It is immediately clear that $(x,y) = (0,0)$ is an (integer) solution of the equation and that $x = 0 \leftrightarrow y = 0$ . $\color{red}{Tangents}\,$ at the curve are calculated by implicit differentation: $$ 2 x y^2 + x^2 2 y y' = 20 x^4 + 3 y^2 y' \quad \Longrightarrow \quad y' = \frac{20 x^4 - 2 x y^2}{2 y x^2 - 3 y^2} $$ Horizontal tangents at: $$ 20 x^4 - 2 x y^2 = 0 \quad \Longrightarrow \quad y^2 = 10 x^3 $$ Substitute into the basic equation to obtain: $$ x^2 y^2 = 4 x^5 + y^3 \quad \Longrightarrow \quad x^2 \cdot 10 x^3 = 4 x^5 + 10 x^3 y $$ We have covered the trivial solution $(0,0)$ so forget about it in the sequel. $$ 6 x^2 = 10 y \quad \Longrightarrow \quad 36 x^4 = 100 y^2 = 1000 x^3 \quad \Longrightarrow \quad (x_S,y_S) = \left(\frac{10^3}{6^2},\sqrt{\frac{10^{10}}{6^6}}\right) $$ The Special point  S  is important for the numerical work that follows.

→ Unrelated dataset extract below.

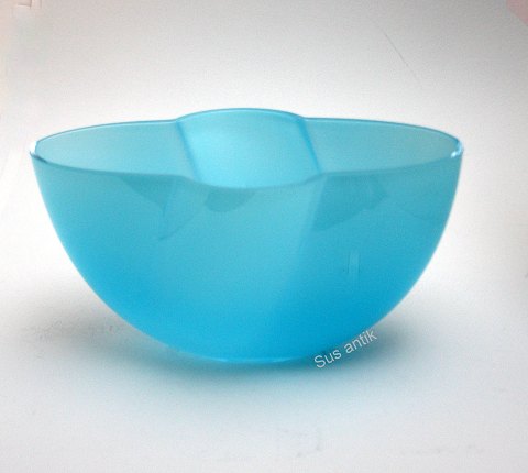 1. Vase med krydsslibninger. Højde 11,5 cm. Ujævnheder i kanten og kalkaflejring. Pris: 200 kr.

Vertical tangents at: $$ 2 y x^2 - 3 y^2 = 0 \quad \Longrightarrow \quad y = \frac{2}{3} x^2 $$ Substitute into the basic equation to obtain: $$ x^2 \cdot \frac{4}{9} x^4 = 4 x^5 + \frac{8}{27} x^6 \quad \Longrightarrow \quad \frac{4}{27} x = 4 \quad \Longrightarrow \quad (x,y) = (27,486) $$ The latter happens to be one of the required integer solutions !
The rest of the method is brute force.
It is clear from the picture that there are four branches:

• one extending from $(0,0)$ towards minus infinity in the quadrant $x > 0$ , $y < 0$
  indicated as A
• one extending from $(0,0)$ towards plus infinity in the quadrant $x < 0$ , $y > 0$
  indicated as B
• one extending from the special point  S  towards plus infinity on the right side
  in the quadrant $x > 0$ , $y > 0$ , indicated as C
• one extending from the special point  S  towards plus infinity on the left side
  in the quadrant $x > 0$ , $y > 0$ , indicated as D

program krabbel;

function pow(x : double; n : integer) : double;
var
  q : double;
  k : integer;
begin
  q := 1;
  for k := 1 to n do
    q := q * x;
  pow := q;
end;

function f(x,y : double) : double;
begin
  f := pow(x,2)*pow(y,2) - (4*pow(x,5) + pow(y,3));
end;

procedure crawl_A;
var
  x,y : integer;
  g : double;
begin
  x := 0; y := 0;
  while true do
  begin
    y := y - 1;
    g := f(x,y);
    if g = 0 then Writeln(x,' ',y);
    while g > 0 do
    begin
      x := x + 1;
      g := f(x,y);
      if g = 0 then Writeln(x,' ',y);
    end;
  end;
end;

procedure crawl_B;
var
  x,y : integer;
  g : double;
begin
  x := 0; y := 0;
  while true do
  begin
    y := y + 1;
    g := f(x,y);
    if g = 0 then Writeln(x,' ',y);
    while g < 0 do
    begin
      x := x - 1;
      g := f(x,y);
      if g = 0 then Writeln(x,' ',y);
    end;
  end;
end;

procedure crawl_C;
var
  x,y : integer;
  g : double;
begin
  x := Round(pow(10,3)/pow(6,2));
  y := Round(sqrt(pow(10,10)/pow(6,6)));
  while true do
  begin
    y := y + 1;
    g := f(x,y);
    if g = 0 then Writeln(x,' ',y);
    while g > 0 do
    begin
      x := x + 1;
      g := f(x,y);
      if g = 0 then Writeln(x,' ',y);
    end;
  end;
end;

procedure crawl_D;
var
  x,y : integer;
  g : double;
begin
  x := 27; y := 486;
  while true do
  begin
    y := y + 1;
    g := f(x,y);
    if g = 0 then Writeln(x,' ',y);
    while g < 0 do
    begin
      x := x + 1;
      g := f(x,y);
      if g = 0 then Writeln(x,' ',y);
    end;
  end;
end;

begin
{ crawl_A; crawl_B; } crawl_C; { crawl_D; }
end.

Results $\;\rightarrow picture: \color{red}{dots}$

by hand:
0 0
27 486

crawl_A:
2 -4
27 -243

crawl_B:
-1 2

crawl_C:
32 512
54 972
125 3125

crawl_D:
nothing